I'm testing SSL/TLS stream proxying within NGINX that will connect to a web server using gnutls as the underlying TLS API. Using the command line test tool in gnutls (gnutls-serv) the entire process works, but I can't understand the logic:
the NGINX client (proxying HTTP requests from an actual client to the gnutls server) seems to want to handshake the connection multiple times. In fact in most tests it seems to handshake 3 times without error before the server will respond with a test webpage. Using wireshark, or just debugging messages, it looks like the socket on the client side (in the perspective of the gnutls server) is being closed and reopened on different ports. Finally on the successful connection, gnutls uses a resumed sessions, which I imagine is one of the previously mentioned successful handshakes.
I am failing to find any documentation about this sort of behaviour, and am wondering if this is just an 'NGINX thing.'
Though the handshake eventually works with the test programs, it seems kind of wasteful (to have multiple expensive handshakes) and implementing handshake logic in a non-test environment will be tricky without actually understanding what the client is trying to do.

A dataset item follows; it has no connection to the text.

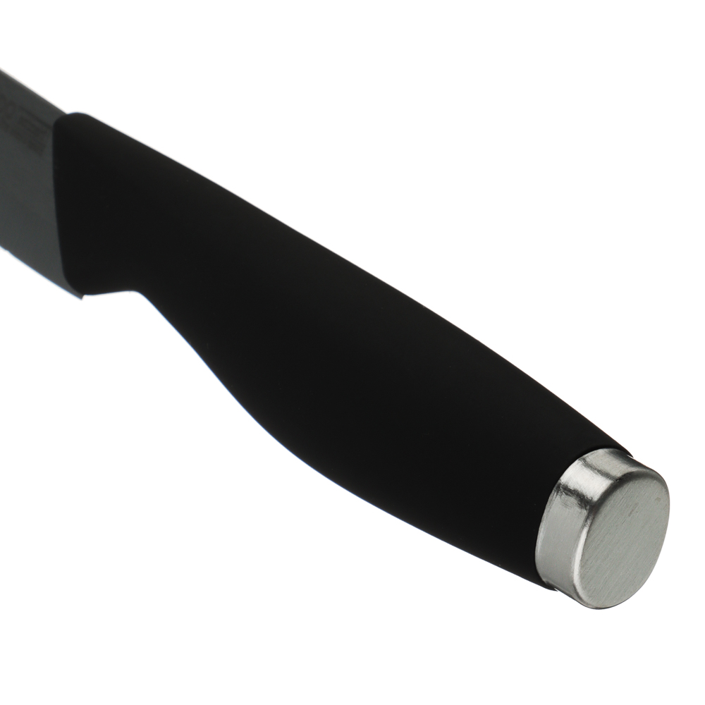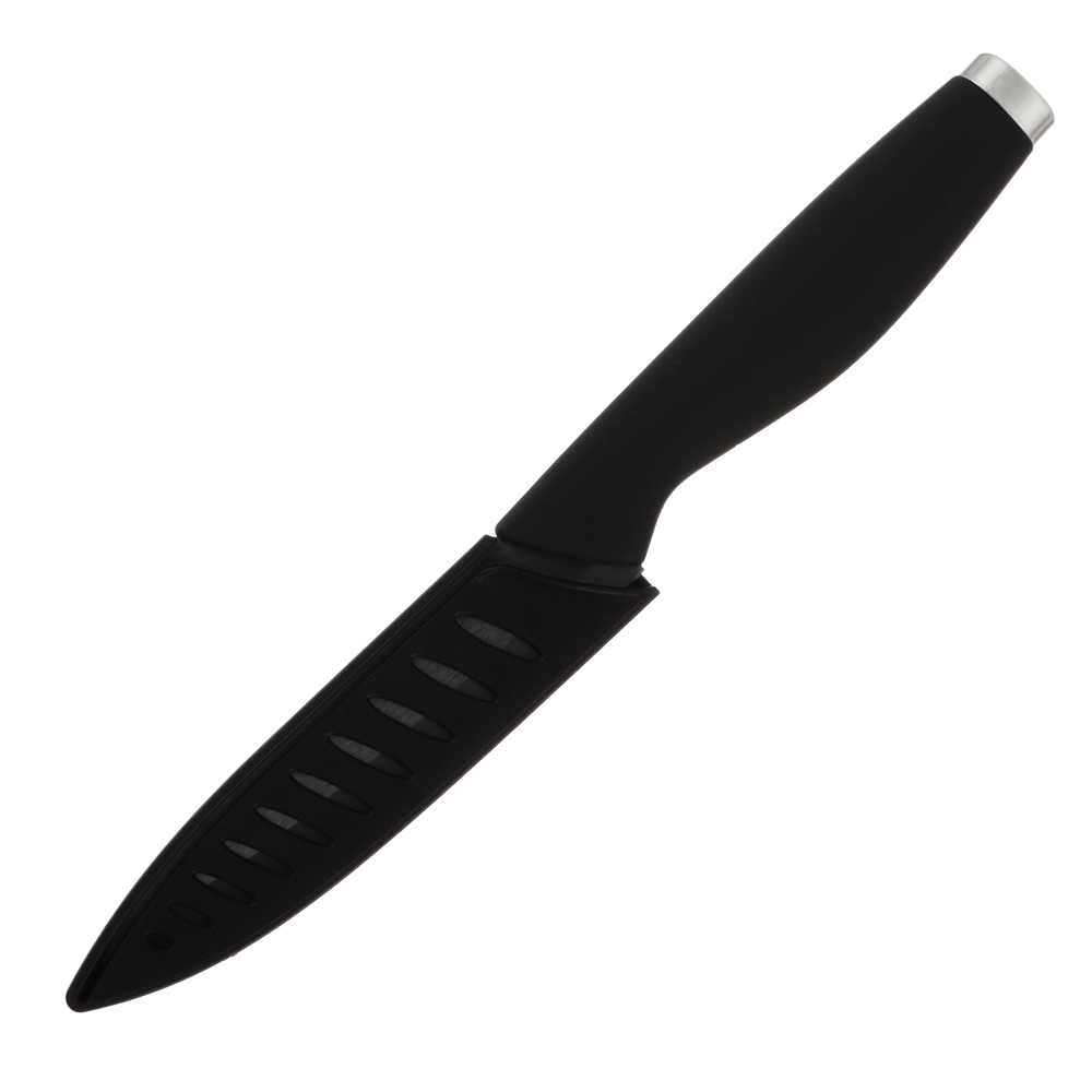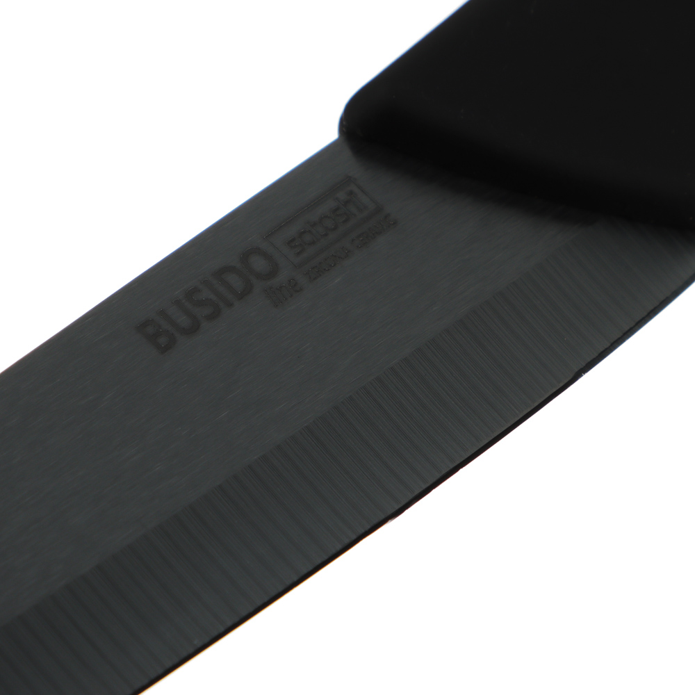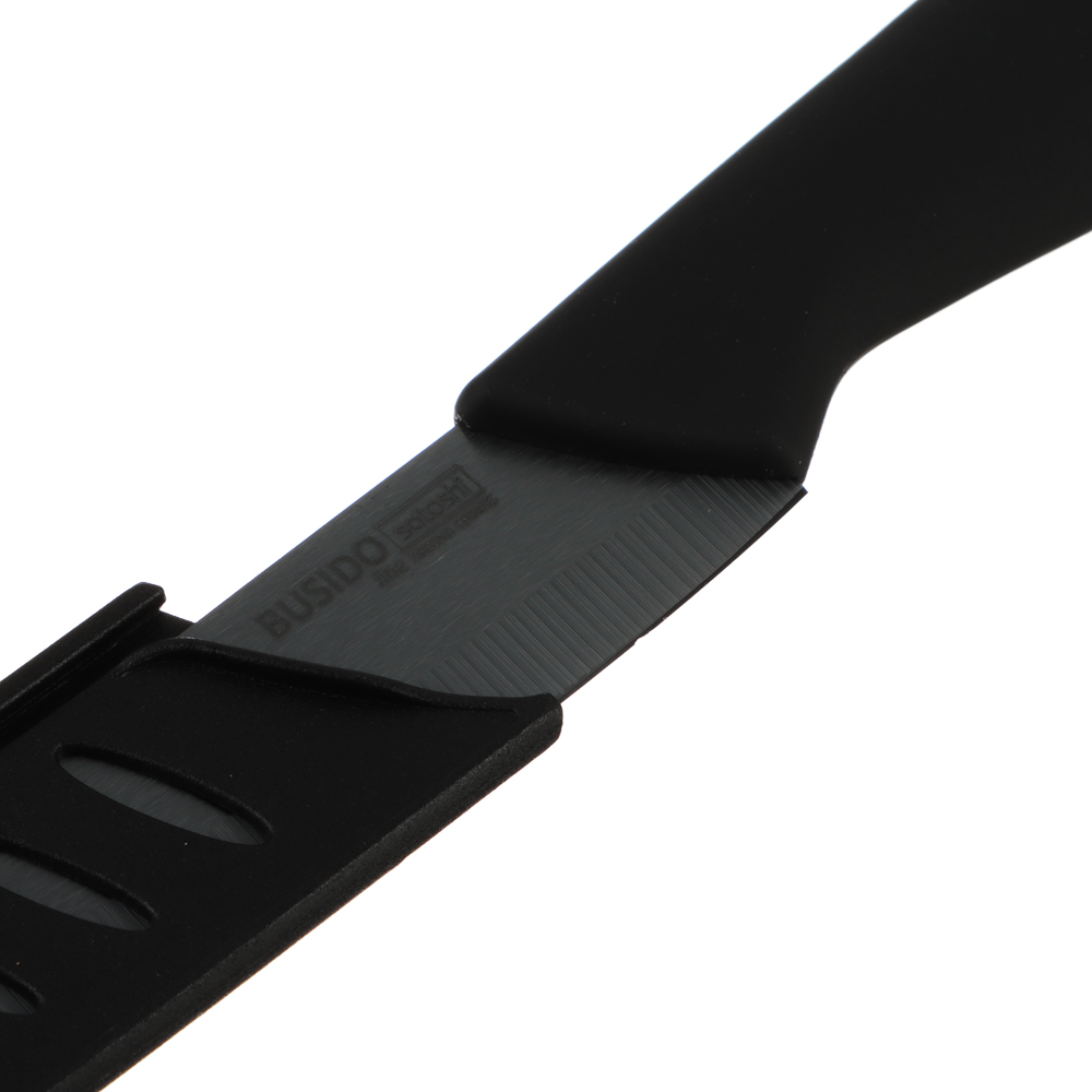 Керамический кухонный нож 12,5 см SATOSHI Бусидо удивит вас удобством и точностью нарезки. Керамическое лезвие не нуждается в частой заточке. Материал не вступает в реакцию со щелочами и кислотами, не боится ржавчины и надолго сохраняет опрятный внешний вид. Керамический кухонный нож порадует отличной остротой и качеством работы. Изделие не придает продуктам металлического привкуса и легко затачивается камнем с алмазным напылением. Эргономичная рукоятка удобно ложится в руке и обеспечивает комфортное использование аксессуара. В комплекте предоставляется защитный чехол для безопасного хранения и транспортировки ножа.

I don't think there are any timeouts or problems happening on the transport, the test environment is a few different VMs on the same subnet connected between 1 switch.
NGINX version is the latest mainline: 1.11.7. I was originally using 1.10.something, and the behaviour was similar though there were more transport errors. Those errors seemed to get cleaned up nicely with upgrading.
Any info or experience from other people is greatly appreciated!
Use either RSA key exchange between NGINX and the backend server or use SSLKEYLOGFILE LD_PRELOAD for NGINX to have the necessary data for Wireshark to decrypt the data.
While a single incoming connection should generate just one outgoing connection, there may be some optimisations in NGINX to fetch common files (favicon.ico, robots.txt).